Investigators from Loyola Medicine have developed a 3-pronged model that could identify patients at risk for acute respiratory distress syndrome.
For the first time, investigators have devised a model to predict burn patients who are likely to develop life-threatening acute respiratory distress syndrome (ARDS).
For their study, investigators from Loyola Medicine and Loyola University Chicago Stritch School of Medicine set out to derive and validate a prediction model for the development of ARDS in burn-injured patients.
ARDS is a form of respiratory failure in patients who are receiving mechanical ventilation. The disease usually occurs in patients who already are critically ill from predisposing conditions such as sepsis, pneumonia, and burns.
Previously, patients with large burns had high mortality rates, so few survived to develop ARDS. Due to improvements in treatment, however, more patients are surviving burns, and now, over 25% of patients with large burns or major inhalation injuries who survive the first 24 hours go on to develop ARDS.
In the new prospective study, published in the journal Annals of Surgery, investigators screened 113 adult patients who had burns over at least 10% of their bodies and/or were suspected of having inhalation injuries. About one-third, (33.6%) developed ARDS a median of 2.2 days after their injuries.
Measuring plasma biomarkers that have been previously identified as playing a role in endothelial injury, epithelial injury, or inflammatory changes in ARDS, the investigators set out to develop and validate a prediction model for ARDS in burn-injured patients.
To do this, the investigators examined clinical characteristics including burn and inhalation injury, alcohol/tobacco use, and existing health issues such as diabetes, congestive heart failure, heart disease, and 5 protein biomarkers found in plasma.
The specific plasma protein biomarkers—von Willebrand Factor (vWF), soluble Intercellular Adhesion Molecule 1 (ICAM-1), surfactant protein D (SP-D), soluble tumor necrosis factor receptor 1 (sTNFR1), interleukin (IL)-8 and interleukin (IL)-6—have been examined in multiple ARDS studies with promising results for phenotyping and predictive modeling, according to study authors.

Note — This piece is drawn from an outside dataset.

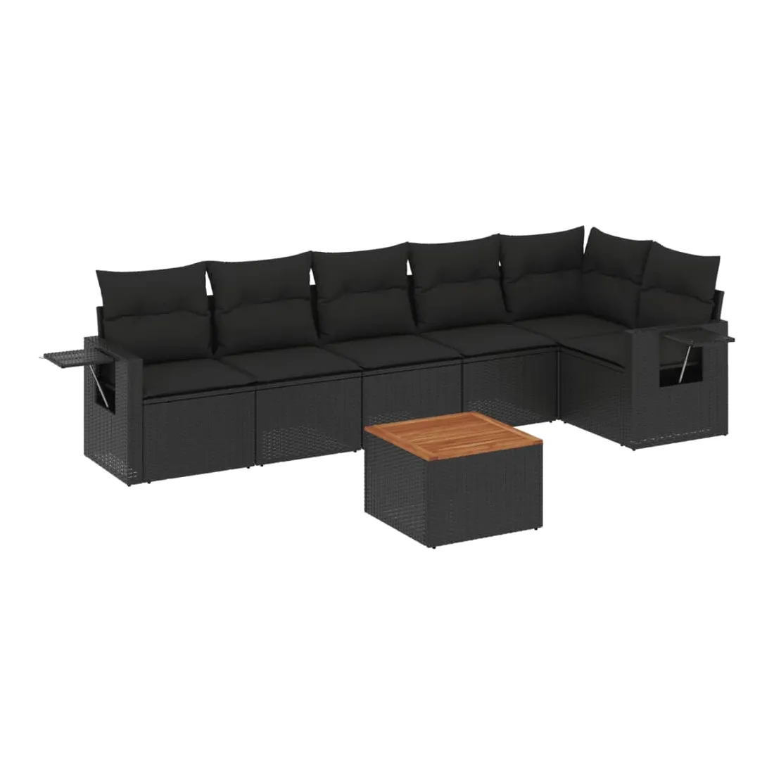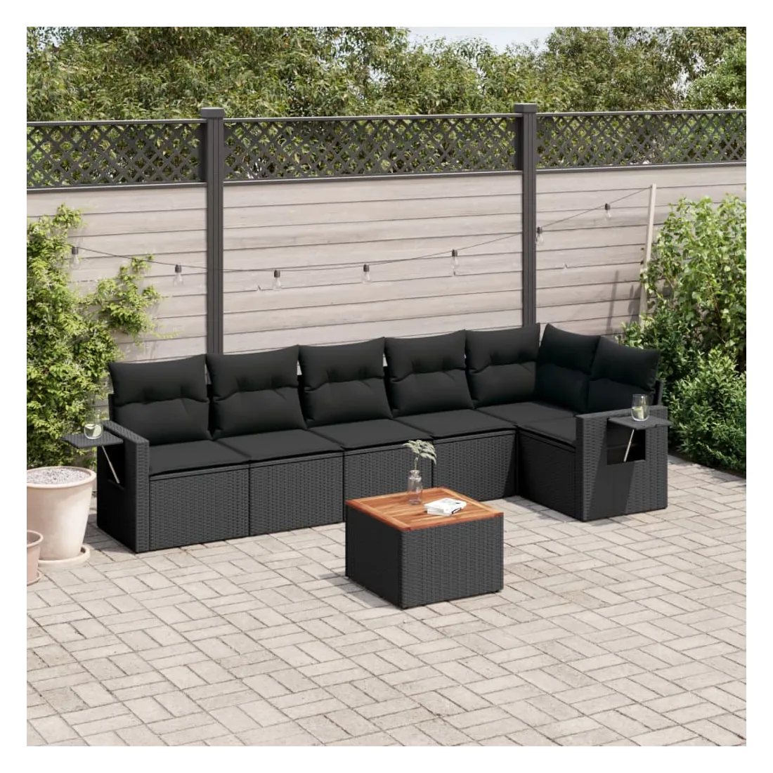 Salon de jardin 7 pcs avec coussins noir résine tressée

The investigators postulated that the combination of clinical risk factors and biomarkers compared with either alone would provide a superior prediction model to identify burn patients who are at risk for ARDS development.
The investigators found that among the biomarkers, log-transformed levels of the A2 domain of the von Willebrand factor in the first 24 hours had the greatest odds ratio for the development of ARDS based on an increase of 1 standard deviation (OR 7.72; 95% CI: 1.64-36.28 P= 0.03).
A “Burn patients with ARDS had lower mean 28-day ventilator free days (8.9 days vs 23.3 days, P <0.001) and a greater proportion of in-hospital deaths (42% vs 4.0%, P < 0.001) that non-ARDS counterparts,” the authors write.
Investigators also report that diabetes was the only clinical characteristic associated with ARDS development (OR 6.34, 95% CI 1.84-21.89, P=0.004).
Among the different models that were analyzed, a model consisting of inhalation injury, the von Willebrand factor biomarker, and the percent of body burned did the best job of predicting which patients were more likely to develop ARDS.
The 3-pronged model "could be used to better identify at-risk patients for both the study and prevention of ARDS in patients with burn injury," Majid Afshar, MD, MSCR, assistant professor, Loyola Medicine and colleagues, said in a recent statement.
If the model is validated by other studies, it could guide clinical trials designed to prevent ARDS and identify burn patients who are at risk for ARDS.